| EXERCISE |
Repeat, word for word, all the data that follows, and exclude the pictures.
==== DATASET EXTRACT ====
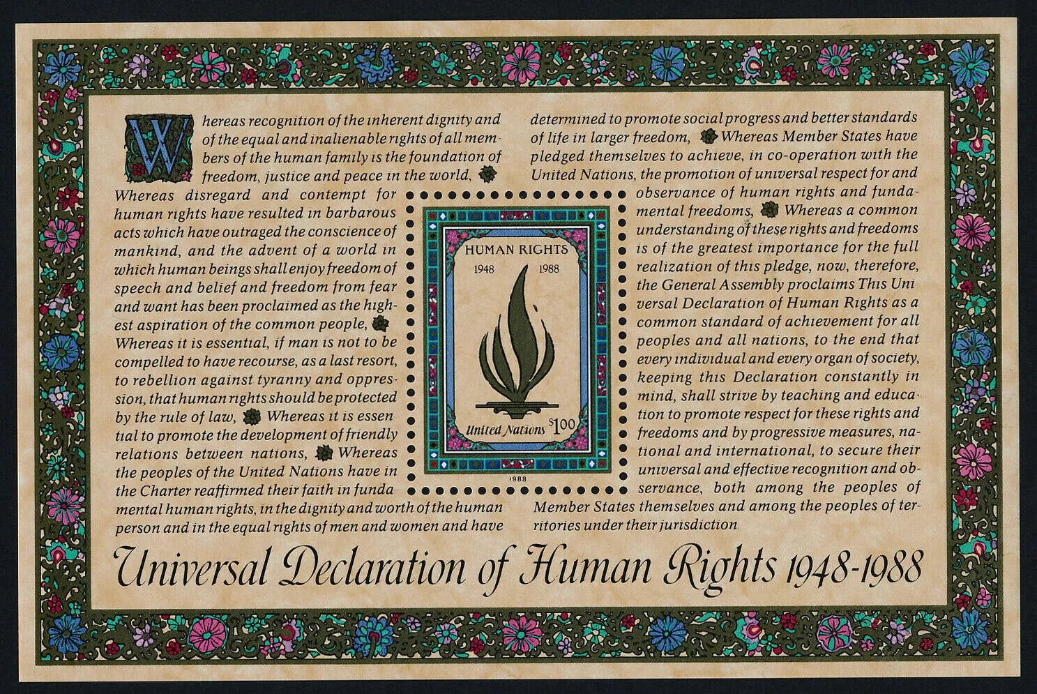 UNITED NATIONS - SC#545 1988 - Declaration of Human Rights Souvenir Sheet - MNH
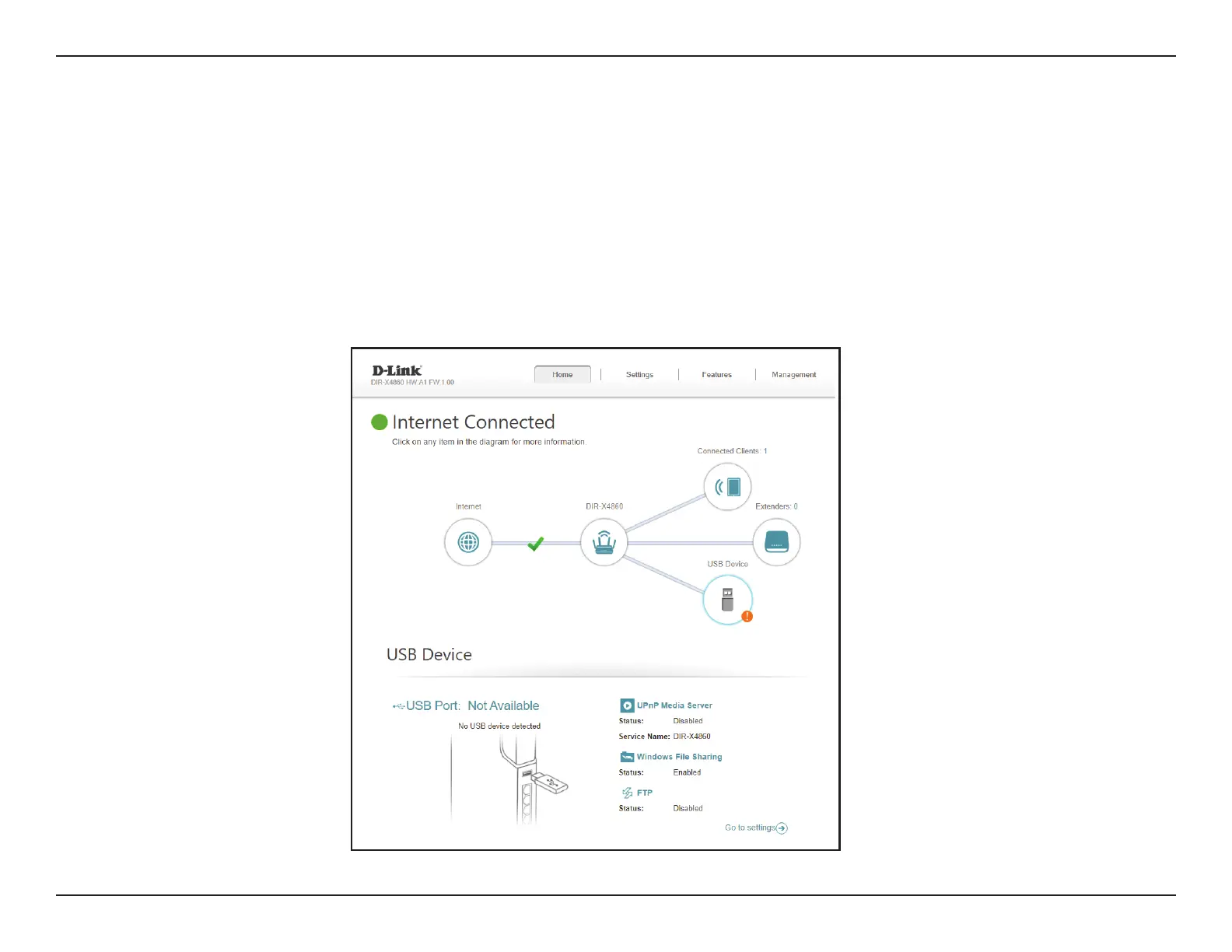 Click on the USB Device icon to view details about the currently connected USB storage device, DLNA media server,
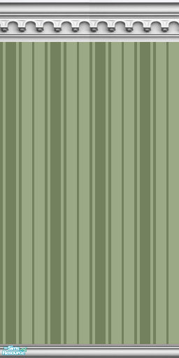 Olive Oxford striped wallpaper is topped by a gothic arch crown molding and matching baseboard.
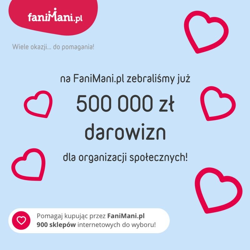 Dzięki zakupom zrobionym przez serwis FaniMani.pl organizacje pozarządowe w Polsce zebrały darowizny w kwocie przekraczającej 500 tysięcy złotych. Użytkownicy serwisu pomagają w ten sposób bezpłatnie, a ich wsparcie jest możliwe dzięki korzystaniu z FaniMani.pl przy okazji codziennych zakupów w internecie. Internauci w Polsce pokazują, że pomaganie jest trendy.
====
| ANSWER TO THIS TASK |
 UNITED NATIONS - SC#545 1988 - Declaration of Human Rights Souvenir Sheet - MNH
 Click on the USB Device icon to view details about the currently connected USB storage device, DLNA media server,
 Olive Oxford striped wallpaper is topped by a gothic arch crown molding and matching baseboard.
 Dzięki zakupom zrobionym przez serwis FaniMani.pl organizacje pozarządowe w Polsce zebrały darowizny w kwocie przekraczającej 500 tysięcy złotych. Użytkownicy serwisu pomagają w ten sposób bezpłatnie, a ich wsparcie jest możliwe dzięki korzystaniu z FaniMani.pl przy okazji codziennych zakupów w internecie. Internauci w Polsce pokazują, że pomaganie jest trendy.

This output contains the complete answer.